SUPPLIED MATERIAL
• • • • • • •

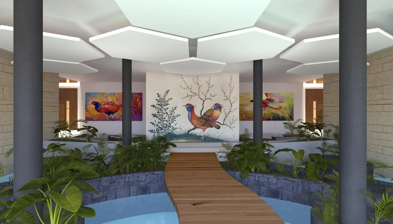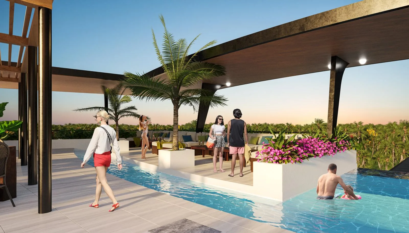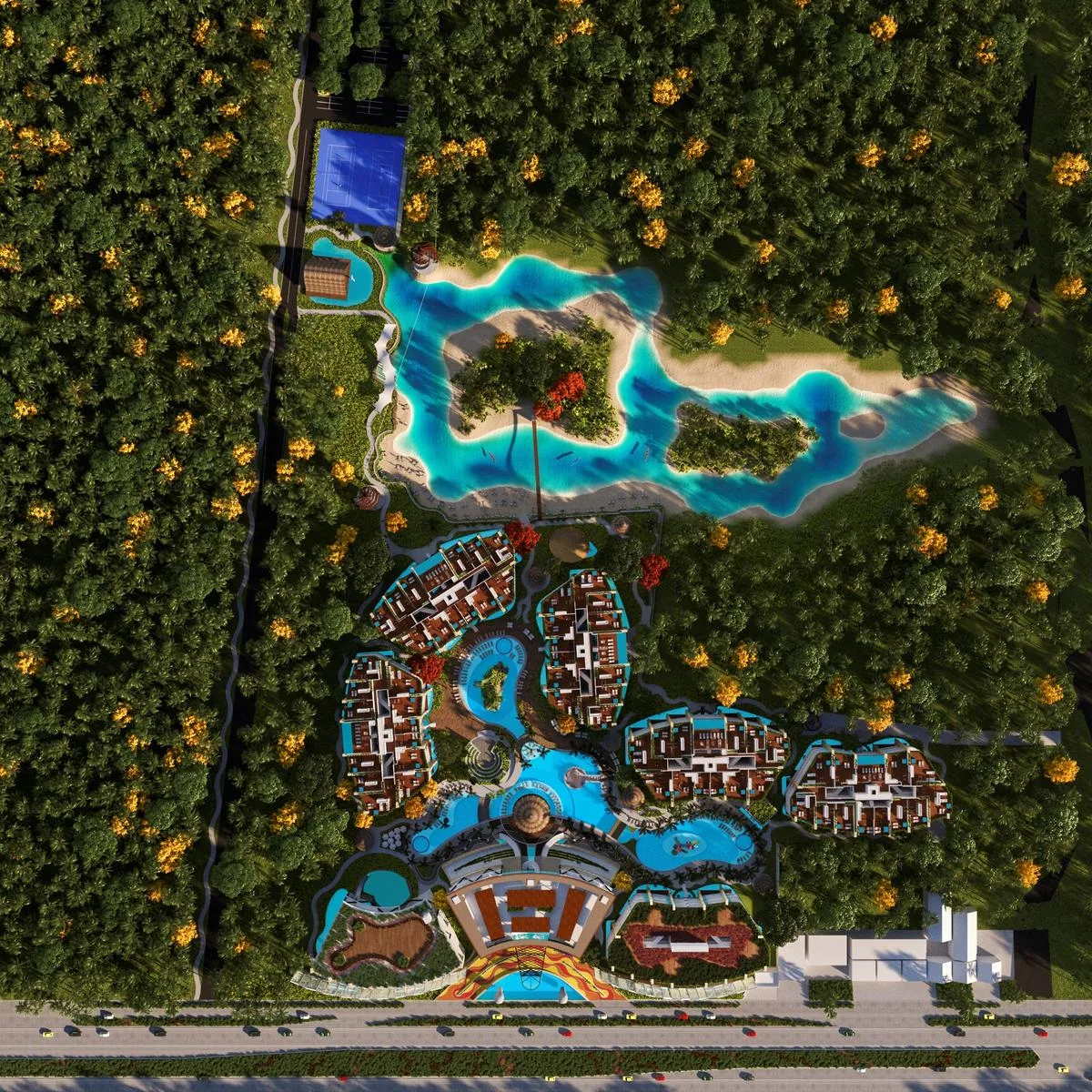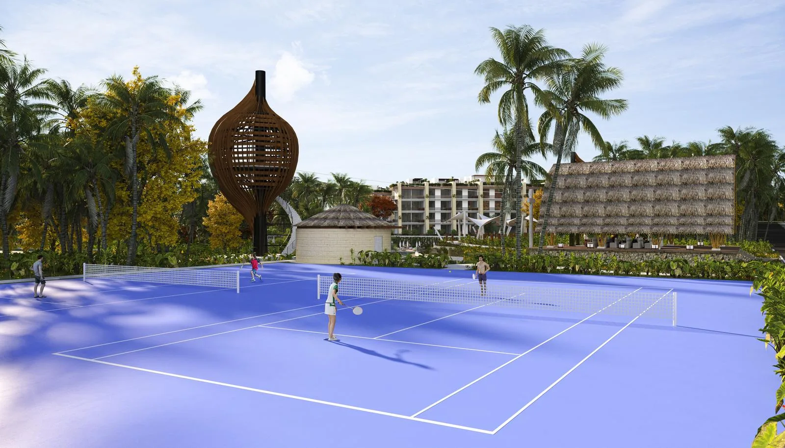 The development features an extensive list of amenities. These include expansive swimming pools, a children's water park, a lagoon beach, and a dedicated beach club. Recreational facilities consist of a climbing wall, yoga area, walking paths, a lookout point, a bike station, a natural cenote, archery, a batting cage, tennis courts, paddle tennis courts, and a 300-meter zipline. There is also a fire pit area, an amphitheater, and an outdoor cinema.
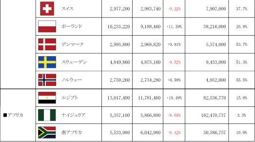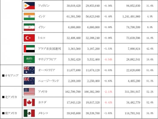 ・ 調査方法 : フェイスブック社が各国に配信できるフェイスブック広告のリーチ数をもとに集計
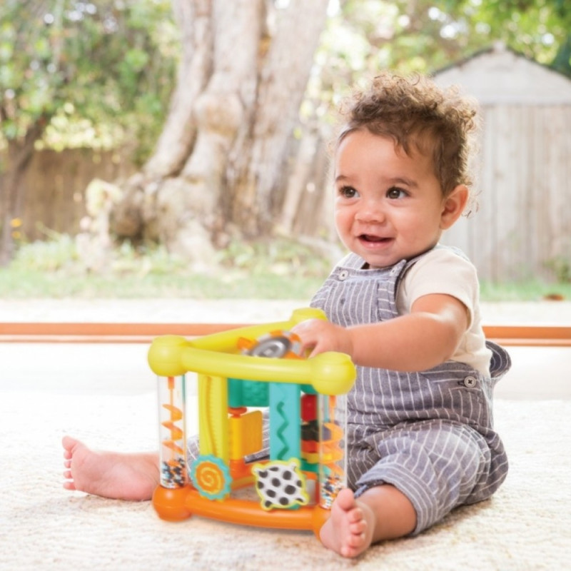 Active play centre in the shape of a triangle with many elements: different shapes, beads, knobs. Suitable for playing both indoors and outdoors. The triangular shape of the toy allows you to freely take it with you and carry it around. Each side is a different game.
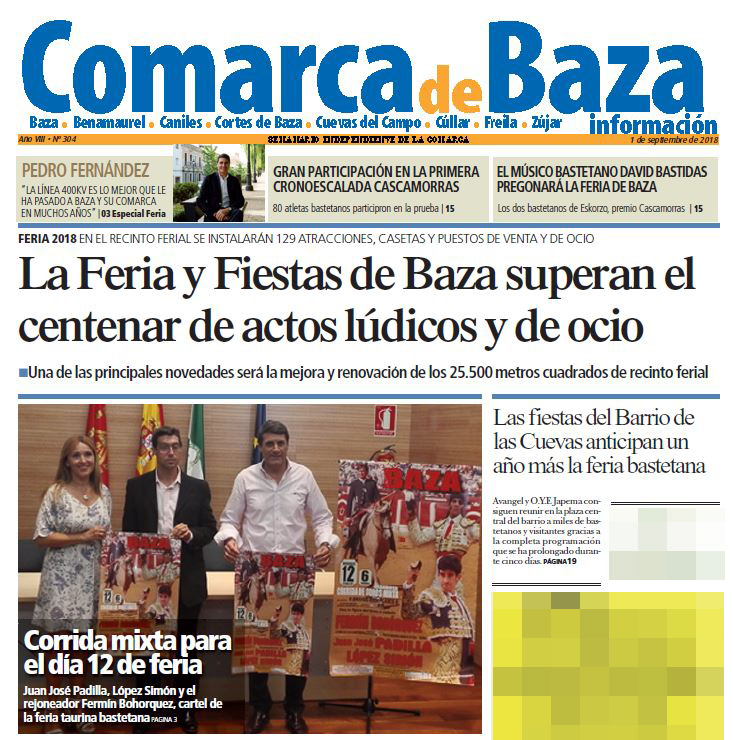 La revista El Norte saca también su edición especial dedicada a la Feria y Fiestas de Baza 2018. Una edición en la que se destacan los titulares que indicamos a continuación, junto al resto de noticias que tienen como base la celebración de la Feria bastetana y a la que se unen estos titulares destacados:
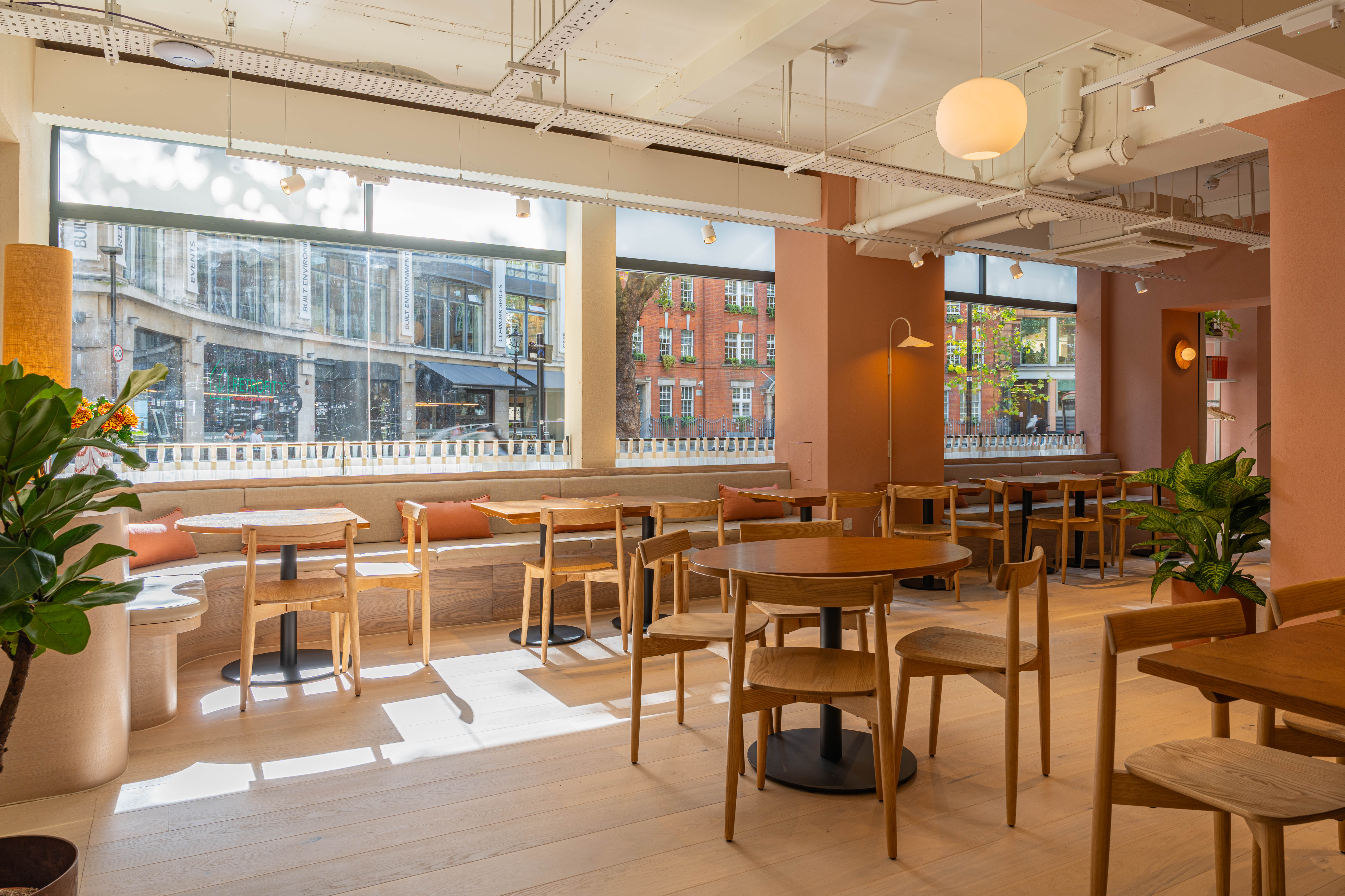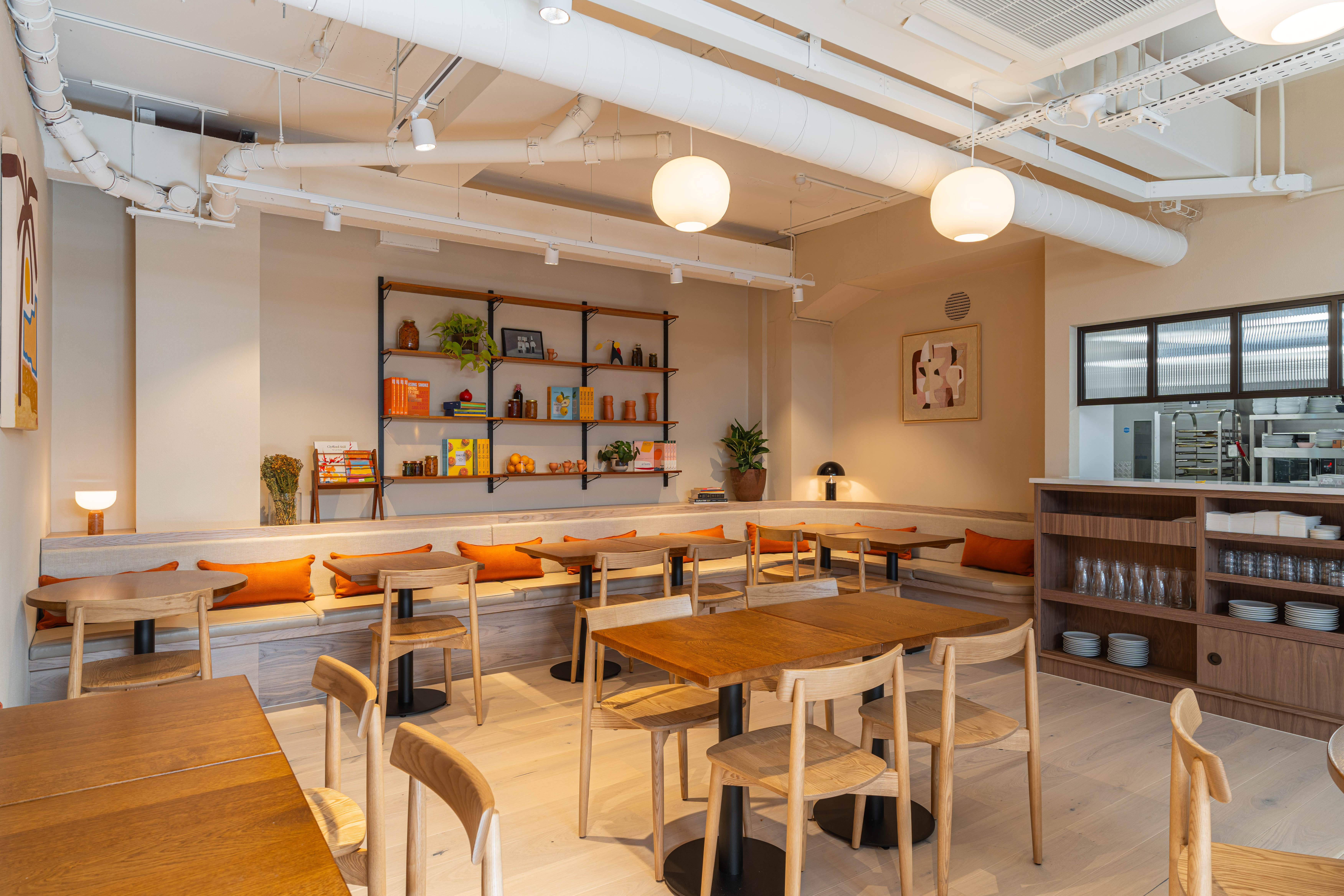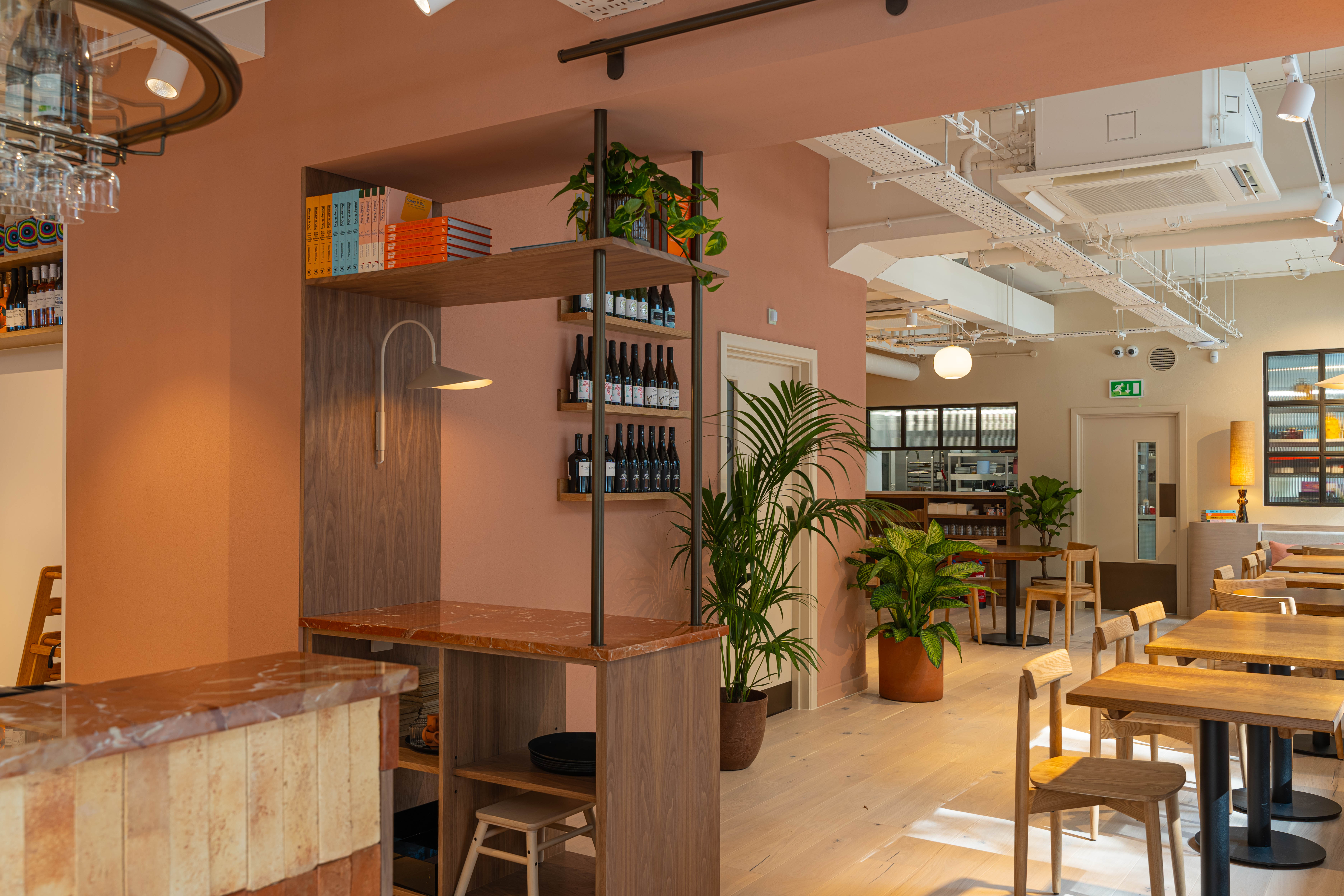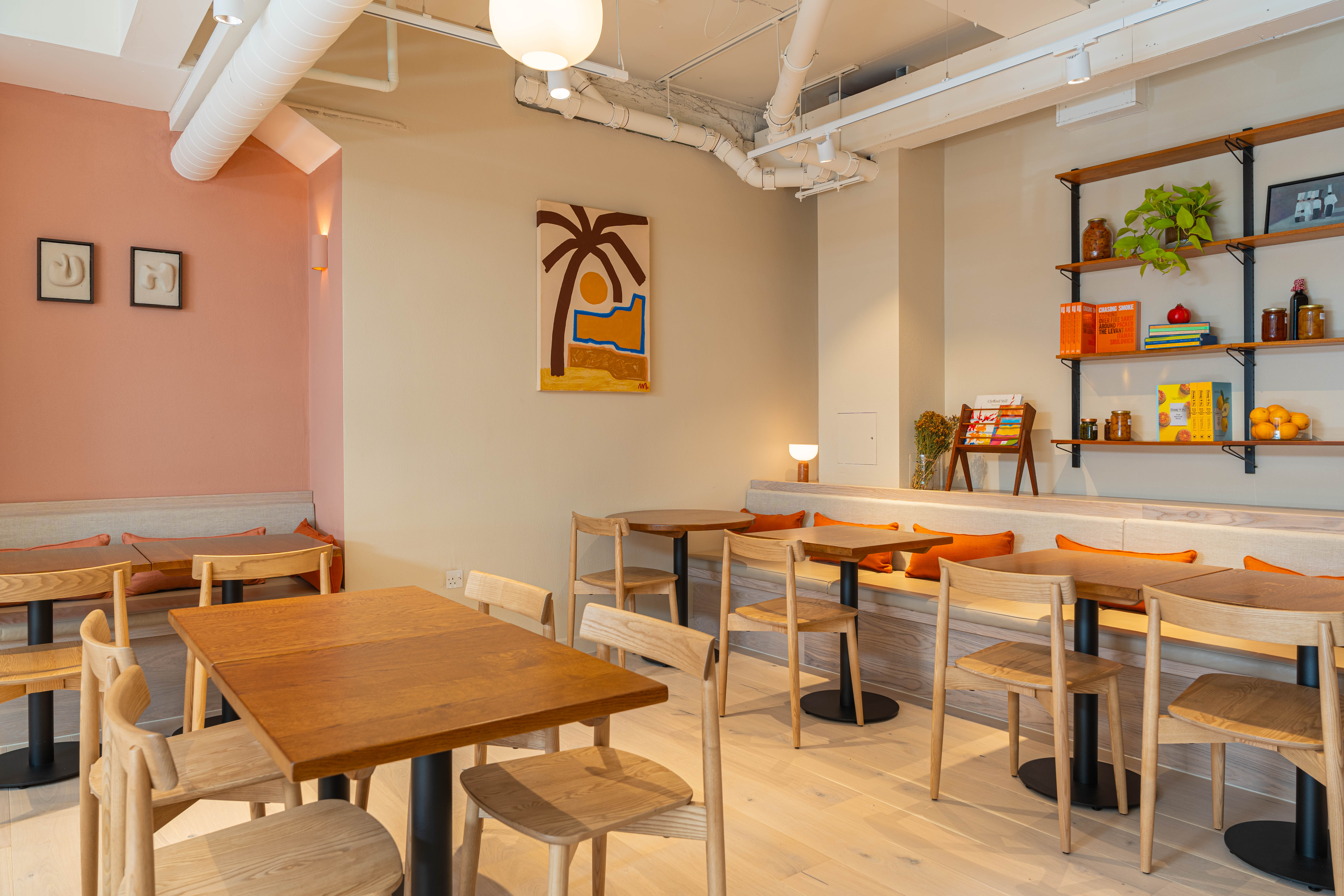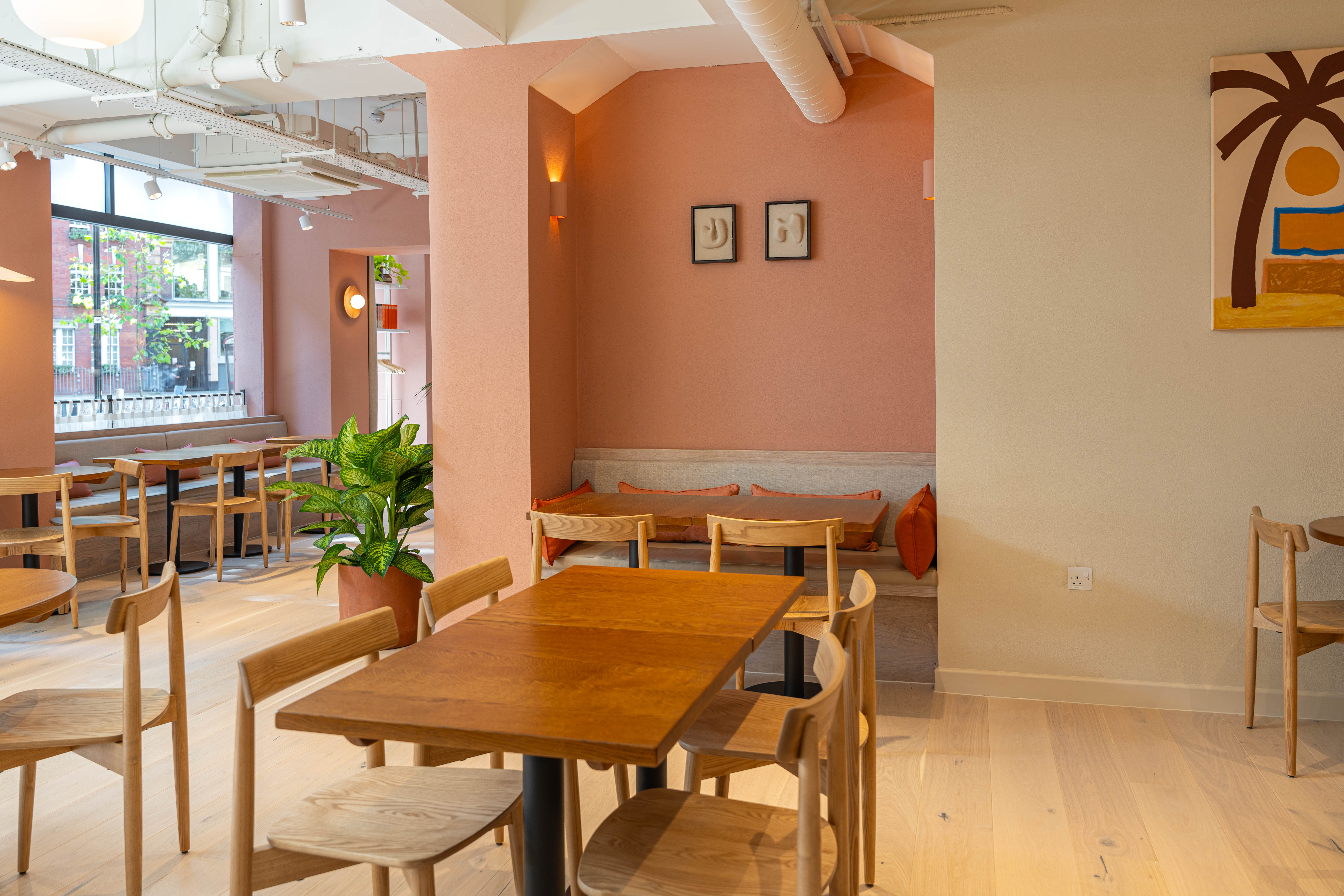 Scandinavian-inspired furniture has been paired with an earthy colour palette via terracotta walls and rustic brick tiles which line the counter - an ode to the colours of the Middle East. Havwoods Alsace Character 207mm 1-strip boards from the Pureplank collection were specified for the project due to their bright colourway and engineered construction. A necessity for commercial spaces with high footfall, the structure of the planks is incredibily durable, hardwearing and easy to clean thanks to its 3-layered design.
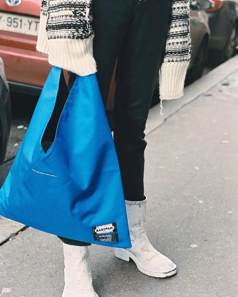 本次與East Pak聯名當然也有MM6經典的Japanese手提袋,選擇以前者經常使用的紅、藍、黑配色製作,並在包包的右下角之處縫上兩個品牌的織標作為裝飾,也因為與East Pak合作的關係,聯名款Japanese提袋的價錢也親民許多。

• • • • • • •

WHAT IS REQUIRED
Give the entries above again exactly, minus their pictures.

RESPONSE
 The development features an extensive list of amenities. These include expansive swimming pools, a children's water park, a lagoon beach, and a dedicated beach club. Recreational facilities consist of a climbing wall, yoga area, walking paths, a lookout point, a bike station, a natural cenote, archery, a batting cage, tennis courts, paddle tennis courts, and a 300-meter zipline. There is also a fire pit area, an amphitheater, and an outdoor cinema.
 ・ 調査方法 : フェイスブック社が各国に配信できるフェイスブック広告のリーチ数をもとに集計
 Active play centre in the shape of a triangle with many elements: different shapes, beads, knobs. Suitable for playing both indoors and outdoors. The triangular shape of the toy allows you to freely take it with you and carry it around. Each side is a different game.
 La revista El Norte saca también su edición especial dedicada a la Feria y Fiestas de Baza 2018. Una edición en la que se destacan los titulares que indicamos a continuación, junto al resto de noticias que tienen como base la celebración de la Feria bastetana y a la que se unen estos titulares destacados:
 Scandinavian-inspired furniture has been paired with an earthy colour palette via terracotta walls and rustic brick tiles which line the counter - an ode to the colours of the Middle East. Havwoods Alsace Character 207mm 1-strip boards from the Pureplank collection were specified for the project due to their bright colourway and engineered construction. A necessity for commercial spaces with high footfall, the structure of the planks is incredibily durable, hardwearing and easy to clean thanks to its 3-layered design.
 本次與East Pak聯名當然也有MM6經典的Japanese手提袋,選擇以前者經常使用的紅、藍、黑配色製作,並在包包的右下角之處縫上兩個品牌的織標作為裝飾,也因為與East Pak合作的關係,聯名款Japanese提袋的價錢也親民許多。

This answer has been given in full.